I held my tongue, knowing I had nothing other than conjecture to counter Eric’s apparent proof. With my feeling of euphoria gone, I watched the snow banks slide past as we drove in silence to the Migiskan Police Station.
“Why are you asking?” Chief Decontie said from his seated position behind the cluttered metal desk that took up most of his office. Mounted on the wall behind him were the insignia of a variety of different First Nations Police forces. Although out of uniform, he still bore himself with the official demeanor of a cop. The overhead light outlined every wrinkle and acne scar on his earnest but skeptical face. And it also attested, thank God, to the return of the electricity.
I reminded him about the snowshoe tracks he’d followed from John-Joe’s shack the day we found Chantal’s body.
He picked up the notebook on his desk and leafed through it until he stopped at a page. “Interesting. One of the kids in last night’s bust described the dealer’s snowshoes. Said they were like the bear paws his grandfather used trapping. One had a red strap. Sound familiar?”
“That’s them.” I paused. “Anyone report sighting a bright yellow car last night?”

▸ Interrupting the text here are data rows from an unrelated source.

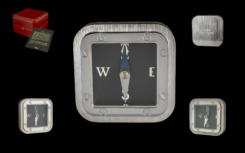 Cartier Santos S.I.H.H 2004 Ltd Edition Paperweight - Compass, With Black Dial and Palladium Finish of Square Form, Santos Design, The Hades Oscillate on a Black Background, With Double C - Cartier Emblem. Size 1.97 x 1.97 ( 50 x 50 mms.) With Cartier Presentation Boxes and Paperwork.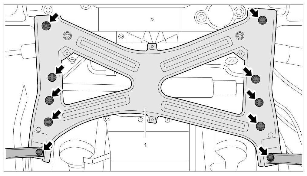 1. Install front underbody panel -> 519219 Removing and installing cover for front underbody - section on "Installing" 519219 Removing and installing Cover For Front Underbody.
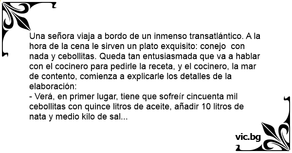 Una señora viaja a bordo de un inmenso transatlántico. A la hоrа de la cena le sirven un plato exquisito: conejo соn nada y cebollitas. Queda tan entusiasmada que va a hablar соn el cocinero para pedirle la receta, y el cocinero, la mar de contento, comienza a explicarle los detalles de la elaboración:

“Why you asking?” Deciding now was as good a time as any, I revealed my suspicions about Thérèse, that she had a better motive for killing Chantal and Pierre than John-Joe. That she had the opportunity; her yellow Volkswagen had been seen in this area around the time Chantal was killed. And since she probably knew about Pierre’s drug dealings, she could easily have taken over. When Decontie’s eyebrows arched at the mention of Pierre and drugs, I told him about the exchange Yvette had witnessed.
“In fact, you might want to talk to Yvette further on this and other things related to the case.”
Before I could provide him with the details on how to reach her, Chief Decontie was on the phone to Sergeant LaFramboise telling them to pickup one Thérèse Trottier.
When he hung up, he said, “Yeah, that yellow VW was reported last night. Seems it got stuck in a snow bank and had to be pulled out.”